Last Wednesday marked Yom Kippur, the holiest day in the Jewish calendar. It’s a day of atonement on which Jews pray, engage in a 25 hour fast, and ask God for forgiveness for any sins they may have committed in the last year.
As a cultural Jew more than a religious Jew, attending synagogue isn’t a huge part of my life, but I do make it a point to attend services on Yom Kippur. I find solace in the serious, contemplative mood and the opportunity for self-reflection and meditation on the previous year. It’s also a chance for me to say Yizkor, the mourner’s prayer recited communally four times a year. Yizkor translates to “remember”. It allows me a few quiet moments to think about my father while pledging to honour his memory by giving back in some way.
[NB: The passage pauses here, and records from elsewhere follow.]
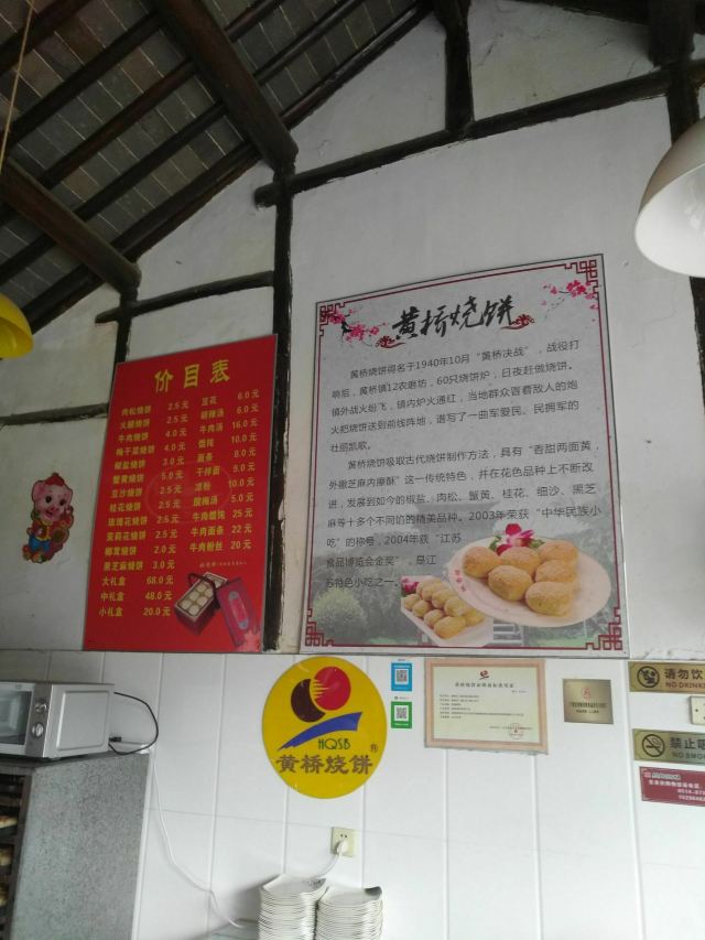 黄桥烧饼,胡辣汤,豆腐脑,梅干菜烧饼,豆花,椒盐烧饼,桂花烧饼,芝麻烧饼,馄炖,蟹黄烧饼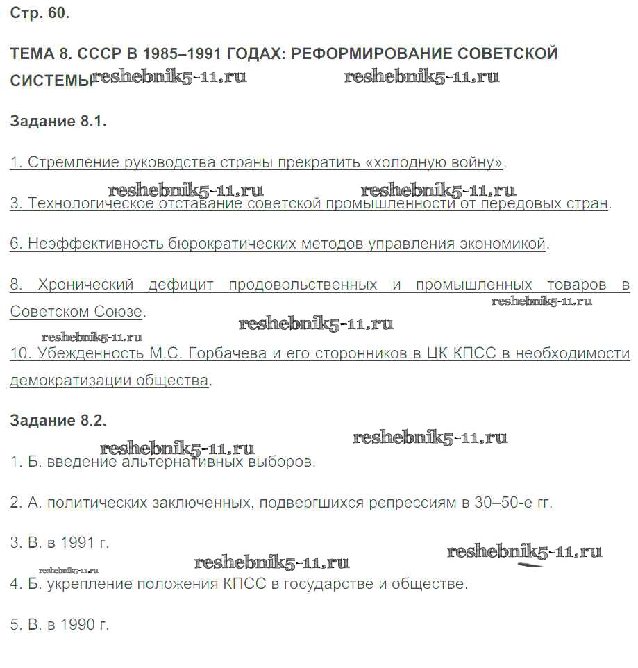 Готовая домашняя работа с ответами по Истории за 9 класс Симонова Рабочая тетрадь с контурными картами УМК Экзамен 2014 ФГОС - Страницы 60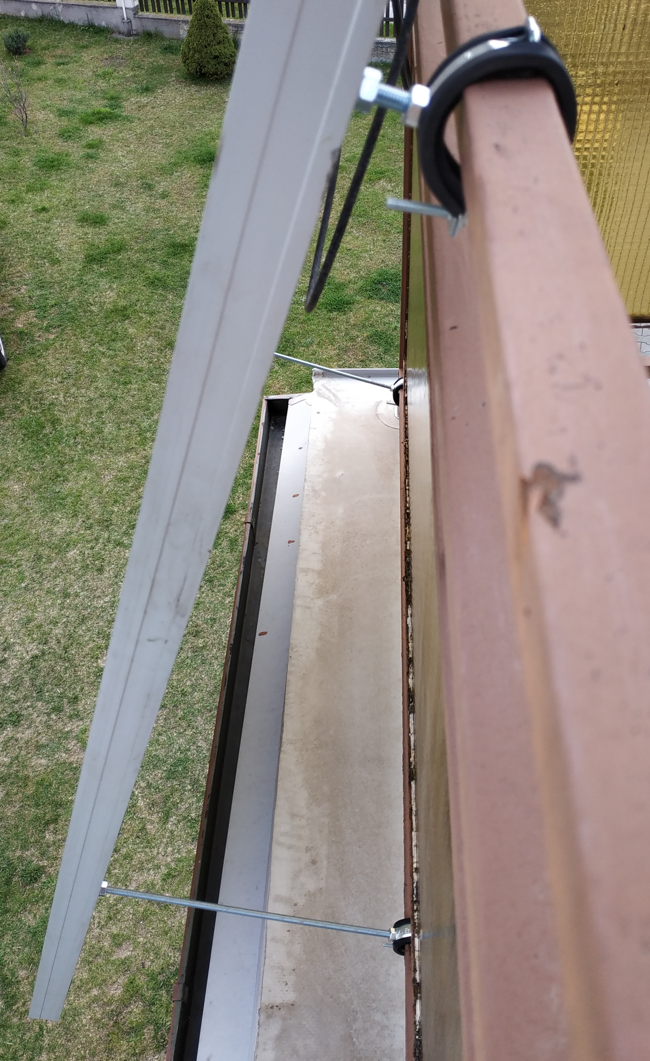 Presne toto som riešil cca pred týždňom - akurát ja mám vrch zábradlia rúrku. Kúpil som vo vodoinštalatérskom obchode objímky s gumou na ktorej je navarená aj matica s vnút. závitom. Kúpil L držiaky s dierami a špekuloval ako to uchytiť. Pri skúšobnom provizornom osadení som ale skonštatoval príliš malé naklopenie voči horizontu a navyše manželka povedala že to tam nechce. Takže som nútený ich dať na vedlajšiu garáž - na strechu.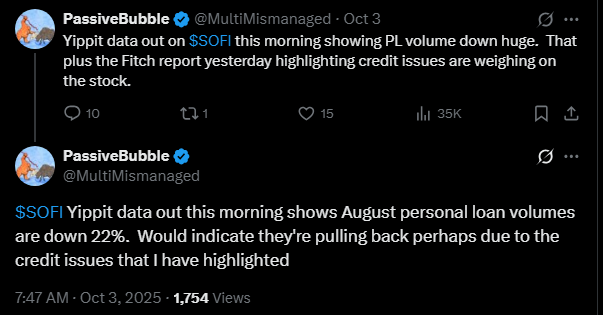 Unsurprisingly, this bear cherry-picked the only bearish part of very bullish data. The data do show that August M/M numbers were down 22% from July. However, what they failed to mention is that that was still 41% Y/Y growth and in July and August combined, there was 59% Y/Y growth compared to July and August of 2024. If that 59% Y/Y trend continued for all of Q3, it would imply $7.78B in PL originations and 11.6% Q/Q growth.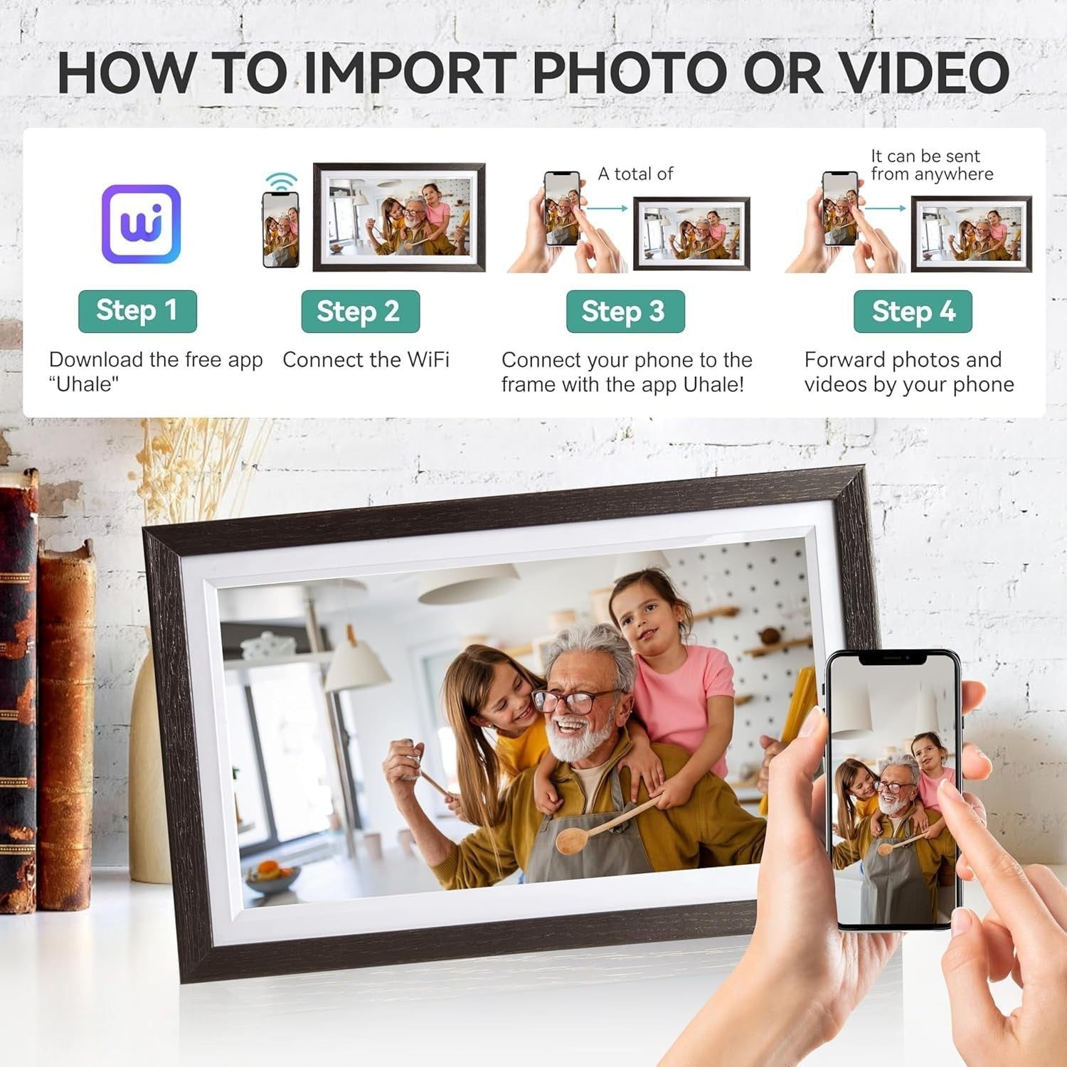 - 【Geschenk】: Digitaler Rahmen kann einen beeindruckenden Moment zeigen, wie Geburt, Hochzeit, Abschlussfeier, Urlaub, Familientreffen. Daher ist es die beste Wahl für Weihnachtsgeschenke/Erntedankfestgeschenke/Muttertagsgeschenke.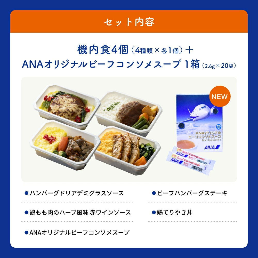 お待たせいたしました!待望のANAオリジナルビーフコンソメスープセット登場! お客様からのお声をいただき、「ANAオリジナルビーフコンソメスープ」のお取り扱いを開始いたします! 【ANA機内満喫シリーズ】 機内食4個+ANAオリジナルビーフコンソメスープセット (機内食4個+ビーフコンソメスープ1箱) ■内容量 機内食 4個(4種×1個)+ANAオリジナルビーフコンソメスープ1箱(2.6g×10本) 機内食セットメニュー:各1個ずつ ・ビーフハンバーグステーキ ・ハンバーグドリア デミグラスソース・鶏もも肉のハーブ風味 赤ワインソース ・鶏てりやき丼 ANAの機内食の味をそのままにお届けする【ANA's Sky Kitchen】は、お子様からご高齢者など幅広い方にご利用いただける商品です。 レンジで温めるだけの簡単調理で贅沢グルメと共に旅気分が味わえます。 冷凍で保存可能ですので、一人暮らしの方や単身赴任の方、リモートワークの方などにもおすすめです。

This year’s Yom Kippur services felt especially poignant because today marks the 10th anniversary of his death. Some days, it still feels like I can just pick up the phone and call him (I still have his contact information in my phone). On others, I can barely remember what his voice sounded like. During the Yizkor prayer, I reflected on how much time has passed, how much he’s missed and how much I miss him.
But I also decided I will mourn differently going forward.
You see, another reason why this year at synagogue was so impactful was because right before the prayer, the rabbi made a sermon that got the wheels in my head turning. He talked about the meaning of Yizkor, but also addressed the value of forgetting; about how much time is far too often wasted on holding on to grievances and grudges that destroy relationships. And that in holding on to those memories of spite, we forget who the targets of our anger were before the fighting and the misunderstanding.
If I’m interpreting the rabbi’s message correctly, we need to be responsible consumers of forgetting and remembering. It’s about finding the yin and yang between them in order to have meaningful and healthy relationships.
What this made me realize was that I haven’t done a whole lot of remembering in the last ten years of mourning my dad. I’ve done a lot of feeling sorry for myself, of feeling angry that he died of a cancer that’s rarely terminal, of feeling heartbroken that he’s missed so many important milestones in his grandchildren’s lives.
I have, for a large part, forgotten to remember; when we danced at my wedding; when he sat for hours at the kitchen table, colouring with my kids; the bike ride adventures he took my brother and sister and me on as kids; the photography lessons in our home darkroom; spending hours listening to Bat Out of Hell (he loved Meatloaf!); his giant lab coat hugs when I paid him a surprise visit at his office.
I’ve also forgotten to remember that he wasn’t perfect. He could be strict and rigid and short-tempered. And remembering that helps me feel like I don’t have to be perfect and get it right all the time.
There’s no way I’ll ever not miss my dad. But going forward, I’m letting go of the self-pity and the anger. Because even though he died way too soon, I am so blessed with memories that I’ll no longer forget to remember.